What is needed – Starting at the line that contains "하와이안피자랑 치즈스틱!" and stopping at the line that contains "Conjunto Sala De", transcribe every line of the material below exactly; pictures stay out.

Given records –
··········

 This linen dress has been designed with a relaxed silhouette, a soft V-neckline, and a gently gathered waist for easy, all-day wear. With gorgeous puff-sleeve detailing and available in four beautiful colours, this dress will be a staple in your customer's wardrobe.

··········

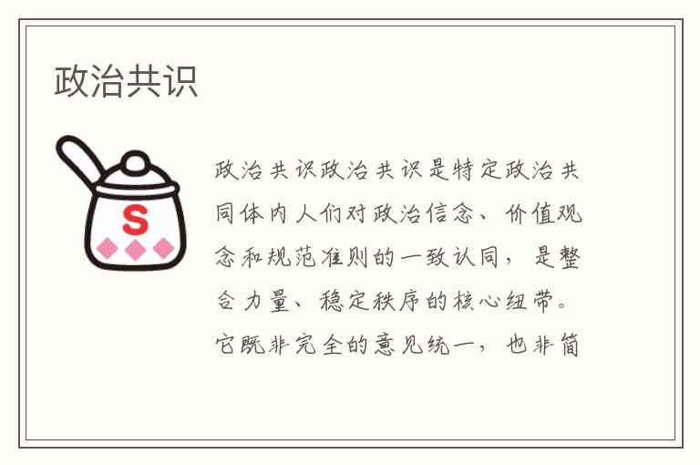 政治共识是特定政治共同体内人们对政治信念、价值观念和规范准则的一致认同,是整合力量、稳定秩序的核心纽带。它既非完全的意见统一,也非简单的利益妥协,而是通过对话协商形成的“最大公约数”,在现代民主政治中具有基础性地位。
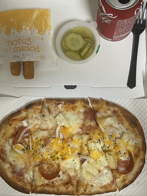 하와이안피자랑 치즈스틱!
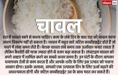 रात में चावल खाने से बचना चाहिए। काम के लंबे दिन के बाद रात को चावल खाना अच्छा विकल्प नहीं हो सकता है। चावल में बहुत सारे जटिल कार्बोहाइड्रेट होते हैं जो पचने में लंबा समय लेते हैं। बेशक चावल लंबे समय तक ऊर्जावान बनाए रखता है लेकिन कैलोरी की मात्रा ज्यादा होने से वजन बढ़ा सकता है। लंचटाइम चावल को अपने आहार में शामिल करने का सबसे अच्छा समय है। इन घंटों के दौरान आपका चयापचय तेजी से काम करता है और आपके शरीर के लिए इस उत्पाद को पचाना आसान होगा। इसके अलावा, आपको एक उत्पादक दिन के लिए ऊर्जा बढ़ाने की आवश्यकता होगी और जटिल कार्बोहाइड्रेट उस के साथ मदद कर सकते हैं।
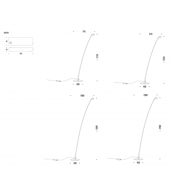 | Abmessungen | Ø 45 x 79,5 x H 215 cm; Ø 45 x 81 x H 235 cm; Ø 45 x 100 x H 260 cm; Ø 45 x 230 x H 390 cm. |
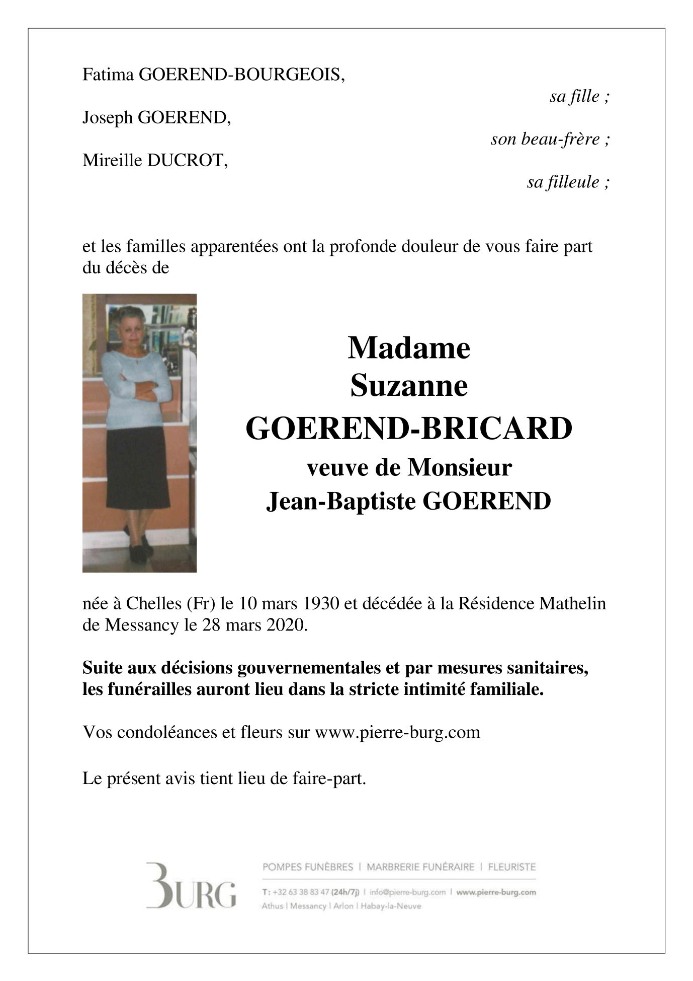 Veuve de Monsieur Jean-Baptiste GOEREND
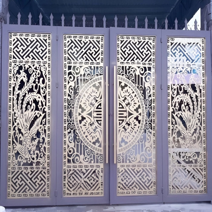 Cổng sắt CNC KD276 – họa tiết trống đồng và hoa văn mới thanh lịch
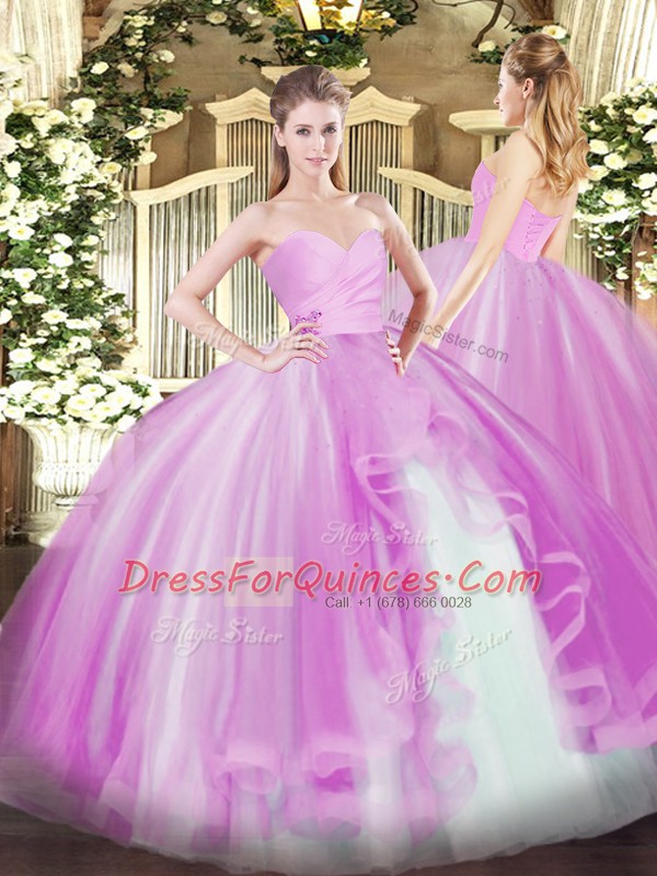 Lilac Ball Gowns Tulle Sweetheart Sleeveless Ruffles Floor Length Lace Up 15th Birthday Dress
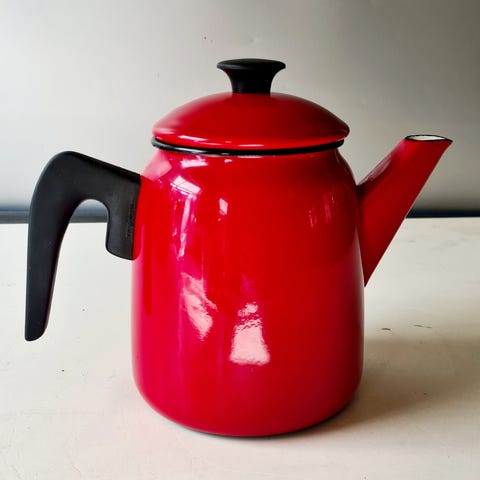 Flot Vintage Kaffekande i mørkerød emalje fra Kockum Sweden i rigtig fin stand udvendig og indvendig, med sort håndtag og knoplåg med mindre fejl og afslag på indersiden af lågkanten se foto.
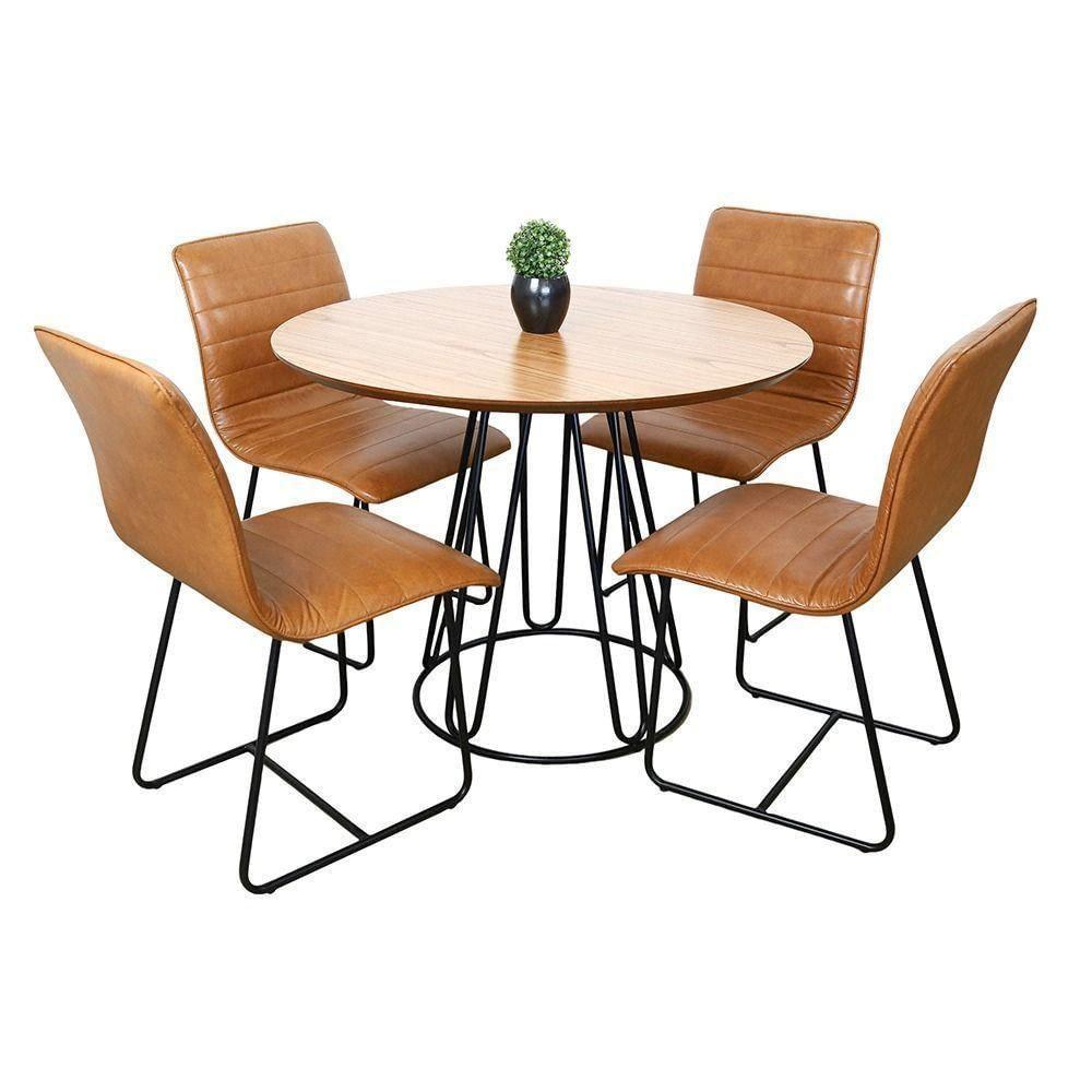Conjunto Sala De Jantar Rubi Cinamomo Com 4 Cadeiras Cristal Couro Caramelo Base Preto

··········

Answer to the exercise –
 하와이안피자랑 치즈스틱!
 रात में चावल खाने से बचना चाहिए। काम के लंबे दिन के बाद रात को चावल खाना अच्छा विकल्प नहीं हो सकता है। चावल में बहुत सारे जटिल कार्बोहाइड्रेट होते हैं जो पचने में लंबा समय लेते हैं। बेशक चावल लंबे समय तक ऊर्जावान बनाए रखता है लेकिन कैलोरी की मात्रा ज्यादा होने से वजन बढ़ा सकता है। लंचटाइम चावल को अपने आहार में शामिल करने का सबसे अच्छा समय है। इन घंटों के दौरान आपका चयापचय तेजी से काम करता है और आपके शरीर के लिए इस उत्पाद को पचाना आसान होगा। इसके अलावा, आपको एक उत्पादक दिन के लिए ऊर्जा बढ़ाने की आवश्यकता होगी और जटिल कार्बोहाइड्रेट उस के साथ मदद कर सकते हैं।
 | Abmessungen | Ø 45 x 79,5 x H 215 cm; Ø 45 x 81 x H 235 cm; Ø 45 x 100 x H 260 cm; Ø 45 x 230 x H 390 cm. |
 Veuve de Monsieur Jean-Baptiste GOEREND
 Cổng sắt CNC KD276 – họa tiết trống đồng và hoa văn mới thanh lịch
 Lilac Ball Gowns Tulle Sweetheart Sleeveless Ruffles Floor Length Lace Up 15th Birthday Dress
 Flot Vintage Kaffekande i mørkerød emalje fra Kockum Sweden i rigtig fin stand udvendig og indvendig, med sort håndtag og knoplåg med mindre fejl og afslag på indersiden af lågkanten se foto.
Conjunto Sala De Jantar Rubi Cinamomo Com 4 Cadeiras Cristal Couro Caramelo Base Preto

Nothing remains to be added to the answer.